___ Dataset entries ___

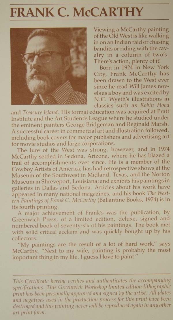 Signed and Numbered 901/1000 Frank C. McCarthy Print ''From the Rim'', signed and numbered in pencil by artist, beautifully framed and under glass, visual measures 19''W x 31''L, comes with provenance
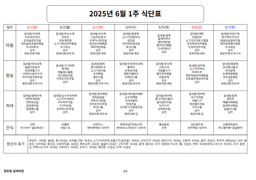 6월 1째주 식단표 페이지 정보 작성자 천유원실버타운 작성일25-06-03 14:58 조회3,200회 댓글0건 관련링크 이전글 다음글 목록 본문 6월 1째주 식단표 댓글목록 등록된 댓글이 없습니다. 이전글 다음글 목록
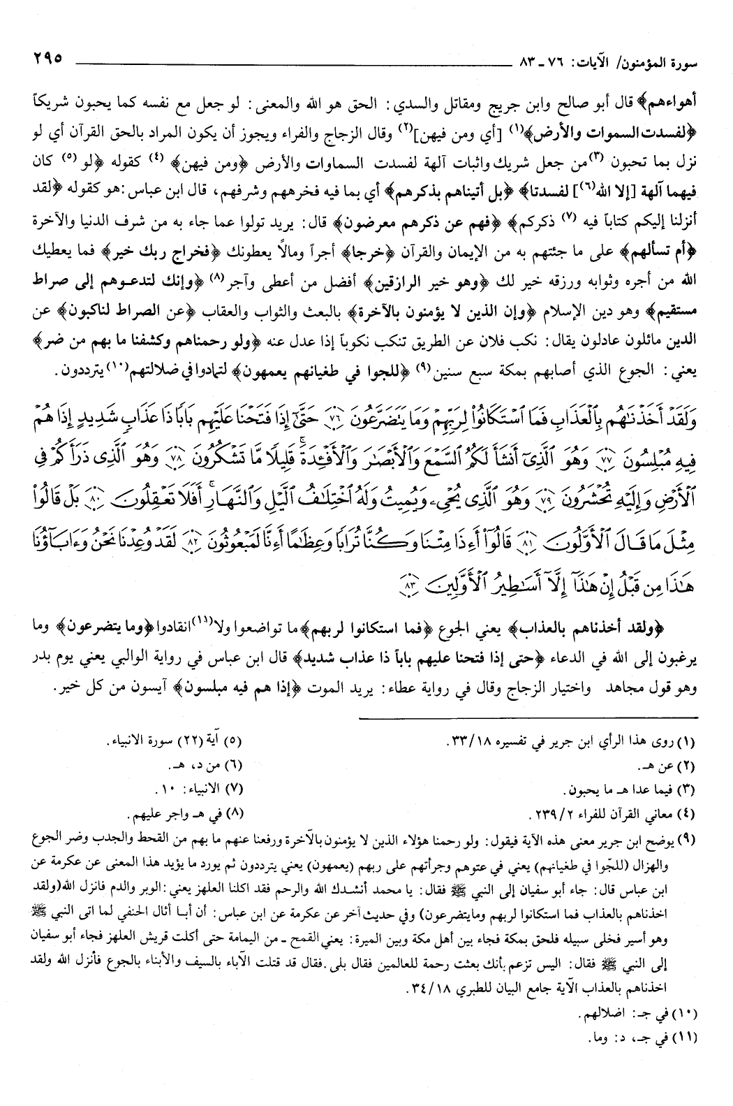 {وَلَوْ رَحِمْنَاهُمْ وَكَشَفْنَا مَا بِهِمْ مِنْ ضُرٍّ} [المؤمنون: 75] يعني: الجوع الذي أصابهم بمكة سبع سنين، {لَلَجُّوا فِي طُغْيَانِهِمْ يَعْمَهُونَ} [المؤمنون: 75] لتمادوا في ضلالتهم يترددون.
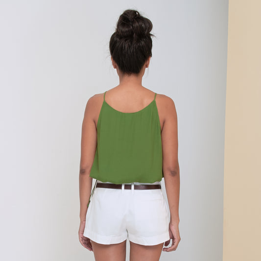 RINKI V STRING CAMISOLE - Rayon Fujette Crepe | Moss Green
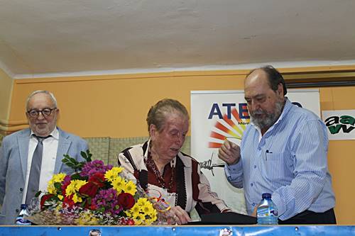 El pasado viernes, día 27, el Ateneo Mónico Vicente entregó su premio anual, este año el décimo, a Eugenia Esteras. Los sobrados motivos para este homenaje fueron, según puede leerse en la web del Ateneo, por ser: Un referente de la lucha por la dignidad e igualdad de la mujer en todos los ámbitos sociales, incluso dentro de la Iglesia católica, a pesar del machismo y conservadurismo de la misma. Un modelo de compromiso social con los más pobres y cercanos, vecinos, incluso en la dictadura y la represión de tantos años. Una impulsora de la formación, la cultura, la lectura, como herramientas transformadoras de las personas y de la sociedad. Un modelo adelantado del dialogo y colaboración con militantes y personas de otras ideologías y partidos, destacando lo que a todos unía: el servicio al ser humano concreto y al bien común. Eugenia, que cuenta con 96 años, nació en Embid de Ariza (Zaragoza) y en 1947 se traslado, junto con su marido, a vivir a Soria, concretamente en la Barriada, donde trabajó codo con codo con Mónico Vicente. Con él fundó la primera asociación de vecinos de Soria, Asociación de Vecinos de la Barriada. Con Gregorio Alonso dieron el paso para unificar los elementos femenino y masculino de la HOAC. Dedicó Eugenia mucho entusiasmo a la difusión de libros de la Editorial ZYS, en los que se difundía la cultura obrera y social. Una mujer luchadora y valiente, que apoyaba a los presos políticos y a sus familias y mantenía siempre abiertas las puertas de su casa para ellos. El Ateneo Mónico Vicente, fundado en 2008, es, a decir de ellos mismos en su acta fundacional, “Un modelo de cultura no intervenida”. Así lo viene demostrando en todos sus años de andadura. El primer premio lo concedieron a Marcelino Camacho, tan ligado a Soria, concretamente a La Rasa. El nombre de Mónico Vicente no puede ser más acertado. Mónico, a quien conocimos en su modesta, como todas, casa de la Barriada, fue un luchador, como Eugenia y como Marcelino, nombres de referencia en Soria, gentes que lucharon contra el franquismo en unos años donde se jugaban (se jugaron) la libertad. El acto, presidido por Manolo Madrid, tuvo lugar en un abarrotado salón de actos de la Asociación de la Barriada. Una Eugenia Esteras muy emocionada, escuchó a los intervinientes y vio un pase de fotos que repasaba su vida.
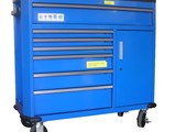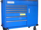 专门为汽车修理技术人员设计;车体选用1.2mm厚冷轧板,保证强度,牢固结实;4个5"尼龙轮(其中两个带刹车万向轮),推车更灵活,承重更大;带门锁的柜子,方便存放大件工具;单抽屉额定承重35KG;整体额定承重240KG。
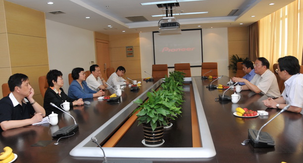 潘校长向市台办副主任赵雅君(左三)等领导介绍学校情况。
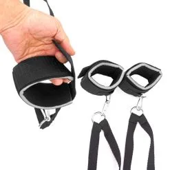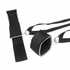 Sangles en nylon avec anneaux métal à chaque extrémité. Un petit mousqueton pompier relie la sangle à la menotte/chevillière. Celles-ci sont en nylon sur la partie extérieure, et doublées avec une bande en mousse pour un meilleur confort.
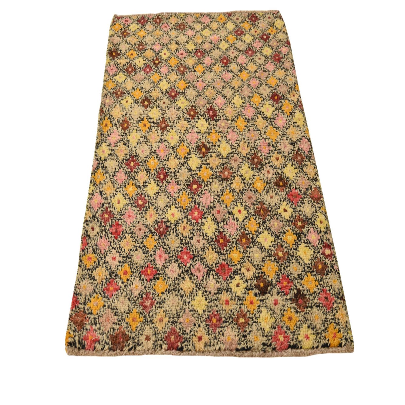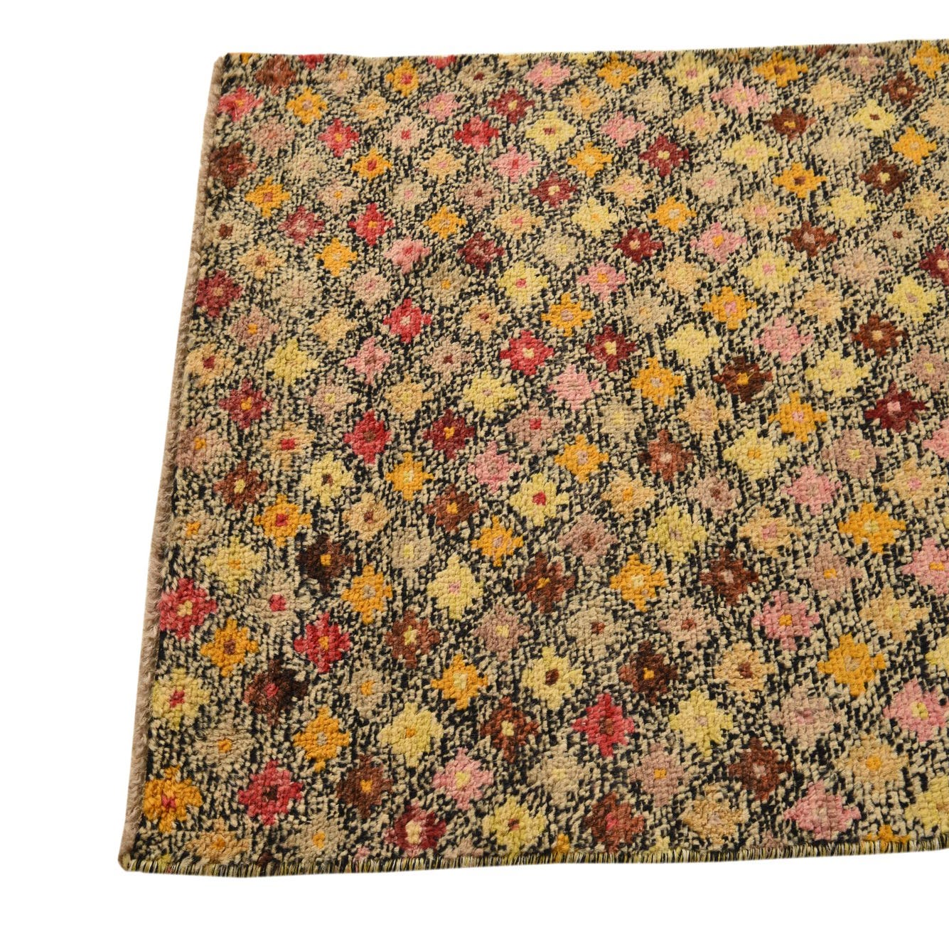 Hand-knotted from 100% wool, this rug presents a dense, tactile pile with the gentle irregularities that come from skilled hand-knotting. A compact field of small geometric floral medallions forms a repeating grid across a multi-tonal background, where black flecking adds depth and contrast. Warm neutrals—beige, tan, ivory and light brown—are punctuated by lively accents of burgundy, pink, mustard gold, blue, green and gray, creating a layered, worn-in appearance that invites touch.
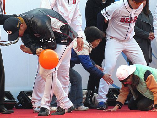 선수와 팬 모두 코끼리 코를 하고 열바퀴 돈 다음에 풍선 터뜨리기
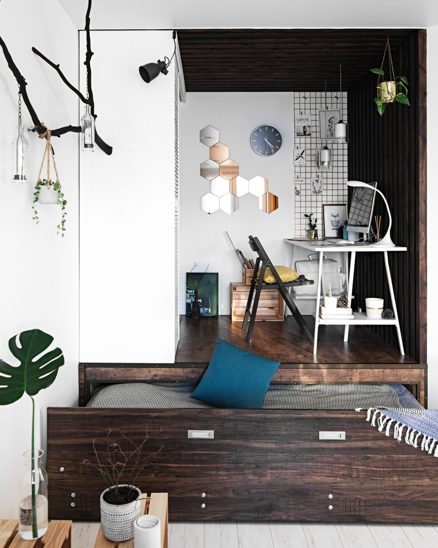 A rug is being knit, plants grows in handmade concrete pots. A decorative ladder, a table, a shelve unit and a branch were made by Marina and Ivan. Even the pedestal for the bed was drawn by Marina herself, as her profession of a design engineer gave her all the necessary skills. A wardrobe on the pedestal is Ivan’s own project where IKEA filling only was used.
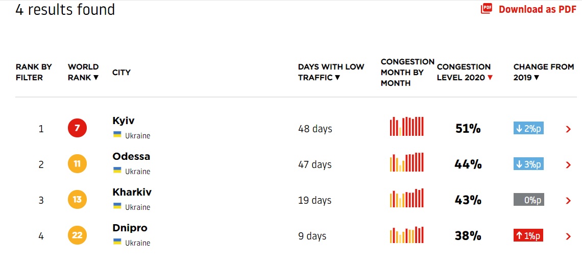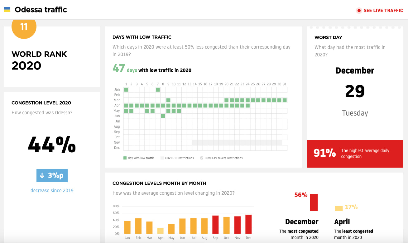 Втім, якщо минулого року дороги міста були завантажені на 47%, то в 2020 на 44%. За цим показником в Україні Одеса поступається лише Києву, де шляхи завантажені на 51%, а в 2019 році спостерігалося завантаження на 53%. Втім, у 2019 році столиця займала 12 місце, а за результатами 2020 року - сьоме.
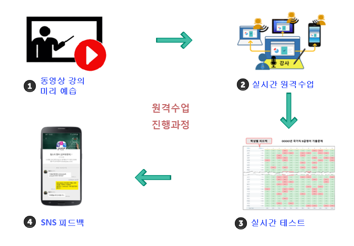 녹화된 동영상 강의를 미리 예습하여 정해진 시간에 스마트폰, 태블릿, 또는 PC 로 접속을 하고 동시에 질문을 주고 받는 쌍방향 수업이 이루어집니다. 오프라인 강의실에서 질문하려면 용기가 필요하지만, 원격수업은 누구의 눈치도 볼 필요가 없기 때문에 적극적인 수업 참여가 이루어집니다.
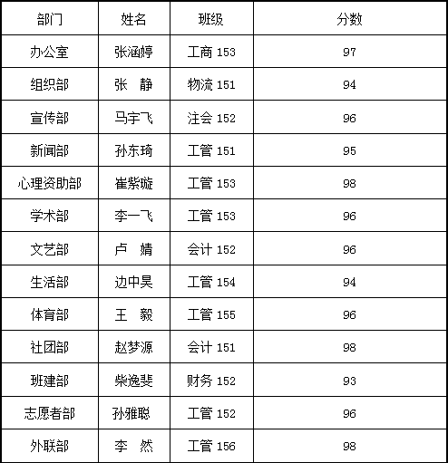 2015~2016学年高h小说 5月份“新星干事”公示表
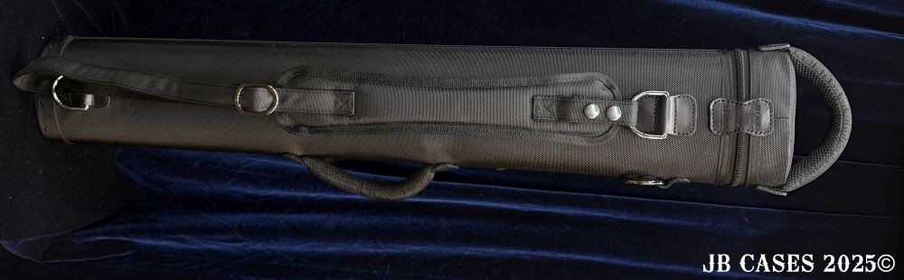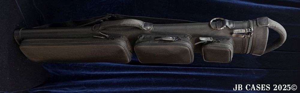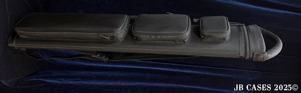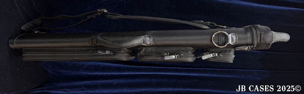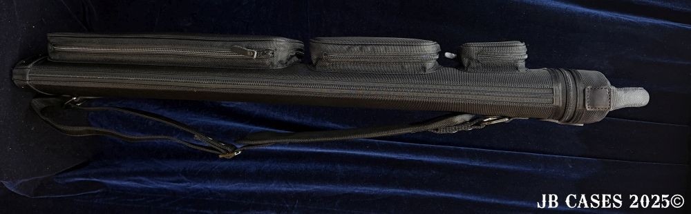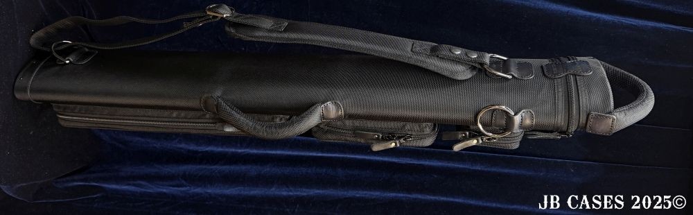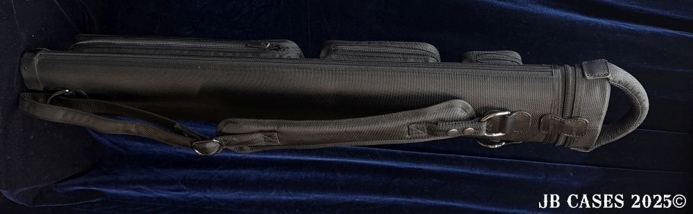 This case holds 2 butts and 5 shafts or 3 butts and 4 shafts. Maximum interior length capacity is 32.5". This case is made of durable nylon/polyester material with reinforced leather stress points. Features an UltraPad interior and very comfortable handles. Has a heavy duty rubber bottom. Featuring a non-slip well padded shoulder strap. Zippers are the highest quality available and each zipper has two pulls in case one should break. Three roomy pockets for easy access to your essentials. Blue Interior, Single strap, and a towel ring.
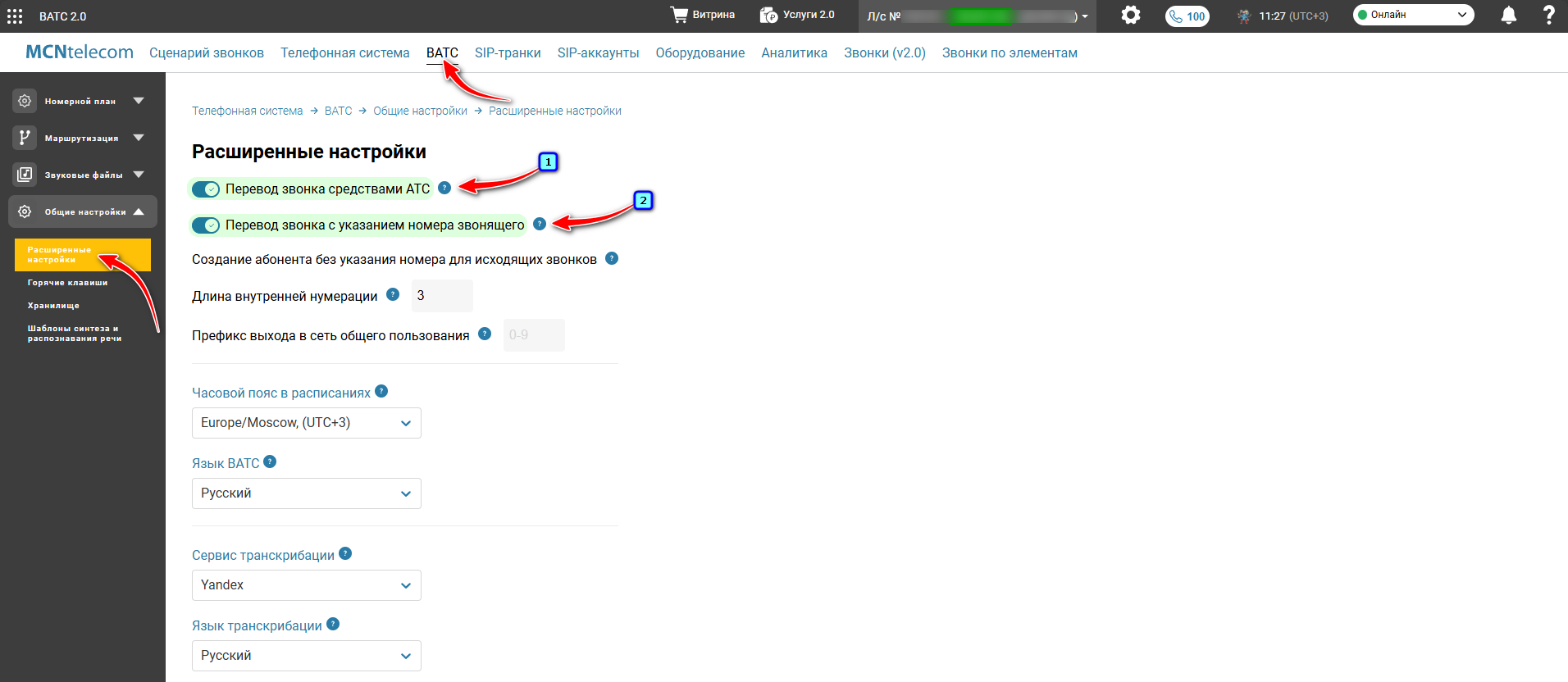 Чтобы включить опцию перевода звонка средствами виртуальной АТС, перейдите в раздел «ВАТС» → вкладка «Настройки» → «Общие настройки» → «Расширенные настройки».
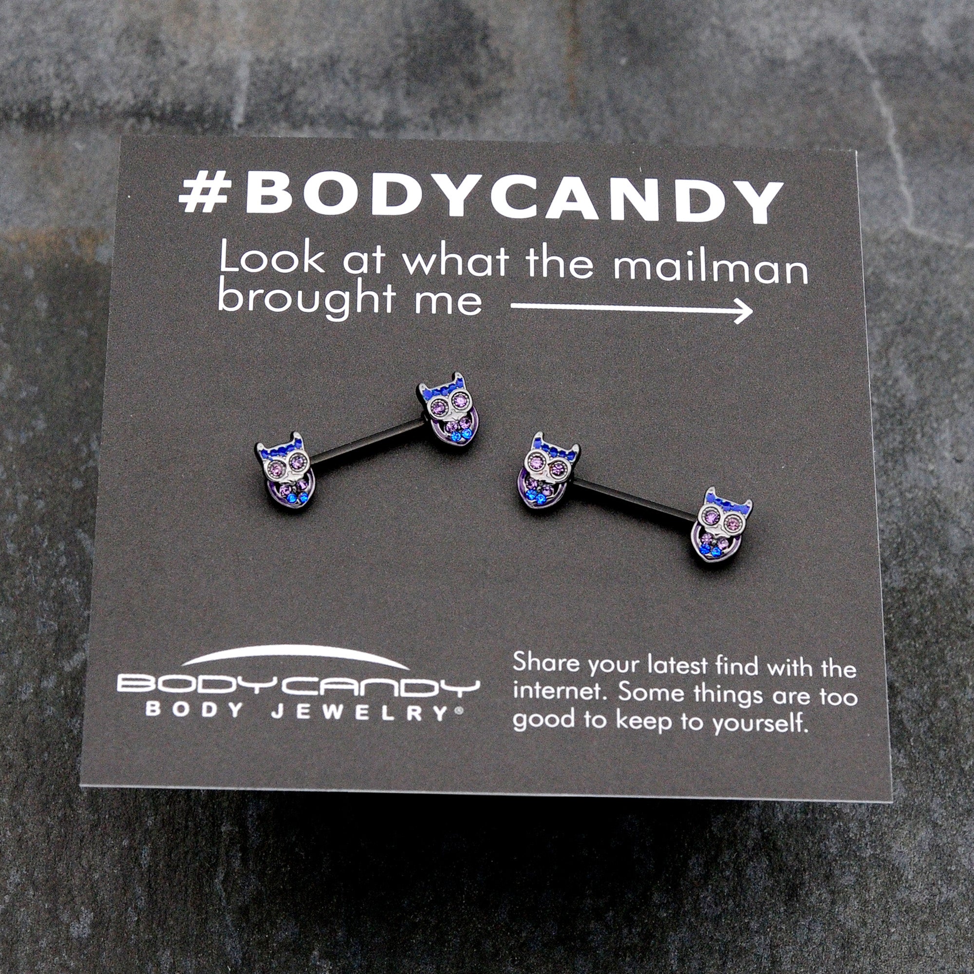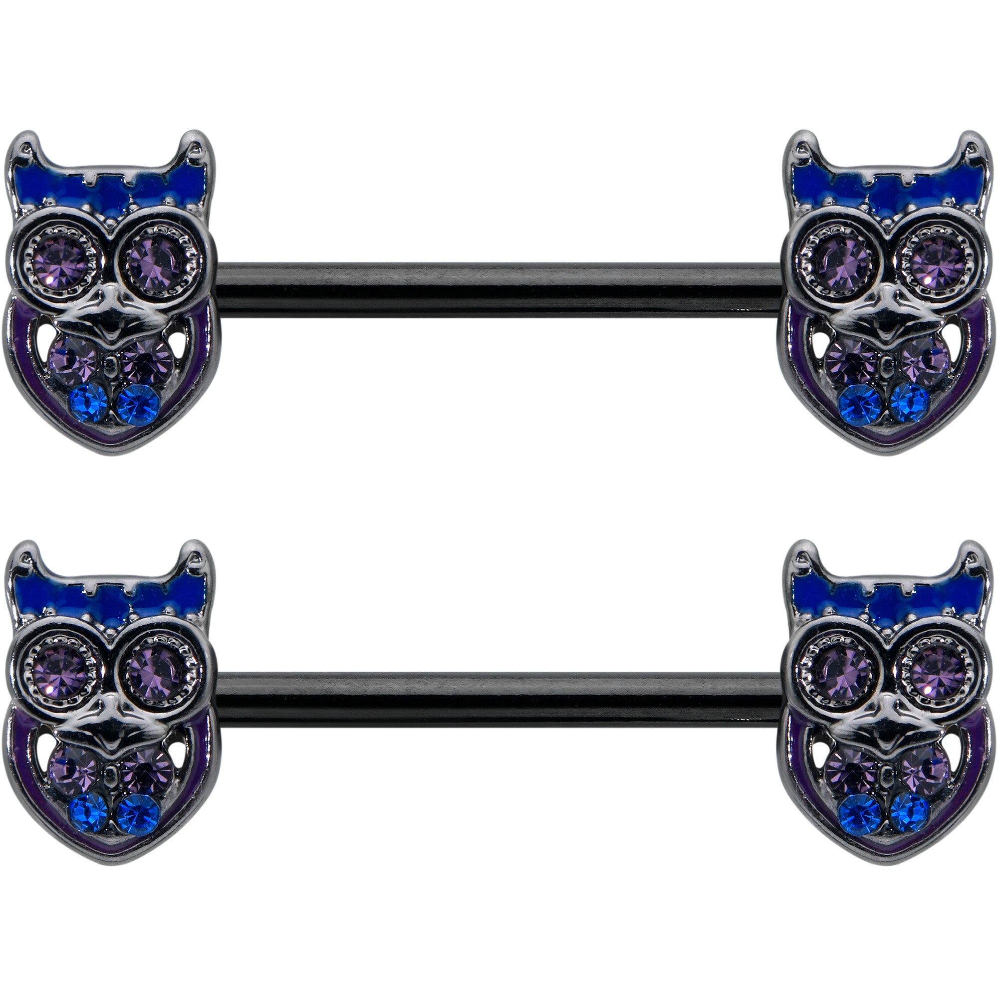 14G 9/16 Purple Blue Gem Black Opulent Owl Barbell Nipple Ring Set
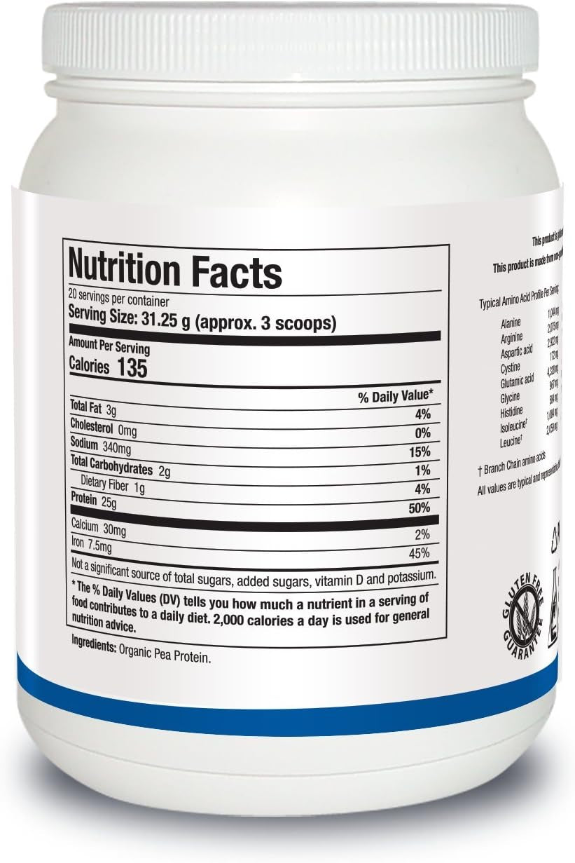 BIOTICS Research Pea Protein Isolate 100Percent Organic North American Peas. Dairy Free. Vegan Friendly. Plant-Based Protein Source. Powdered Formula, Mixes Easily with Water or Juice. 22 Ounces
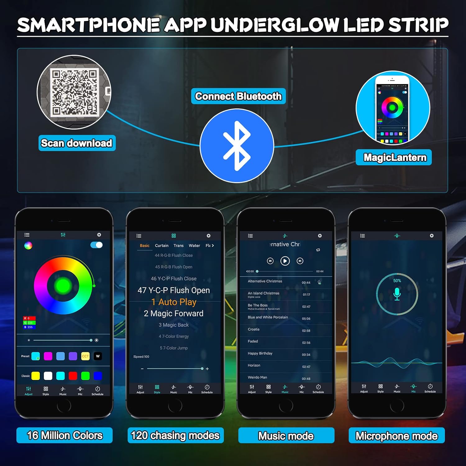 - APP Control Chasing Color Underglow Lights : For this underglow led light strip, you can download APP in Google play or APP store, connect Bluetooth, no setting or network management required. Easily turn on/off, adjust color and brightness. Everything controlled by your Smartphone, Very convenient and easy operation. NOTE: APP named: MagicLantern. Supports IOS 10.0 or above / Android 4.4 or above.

___

■ Instructions for the task: Give back, exactly and without pictures, the stretch of the records above from the line containing "专门为汽车修理技术人员设计;" through the line containing "Sangles en nylon", with both end lines included.

■ The answer:
 专门为汽车修理技术人员设计;车体选用1.2mm厚冷轧板,保证强度,牢固结实;4个5"尼龙轮(其中两个带刹车万向轮),推车更灵活,承重更大;带门锁的柜子,方便存放大件工具;单抽屉额定承重35KG;整体额定承重240KG。
 潘校长向市台办副主任赵雅君(左三)等领导介绍学校情况。
 Sangles en nylon avec anneaux métal à chaque extrémité. Un petit mousqueton pompier relie la sangle à la menotte/chevillière. Celles-ci sont en nylon sur la partie extérieure, et doublées avec une bande en mousse pour un meilleur confort.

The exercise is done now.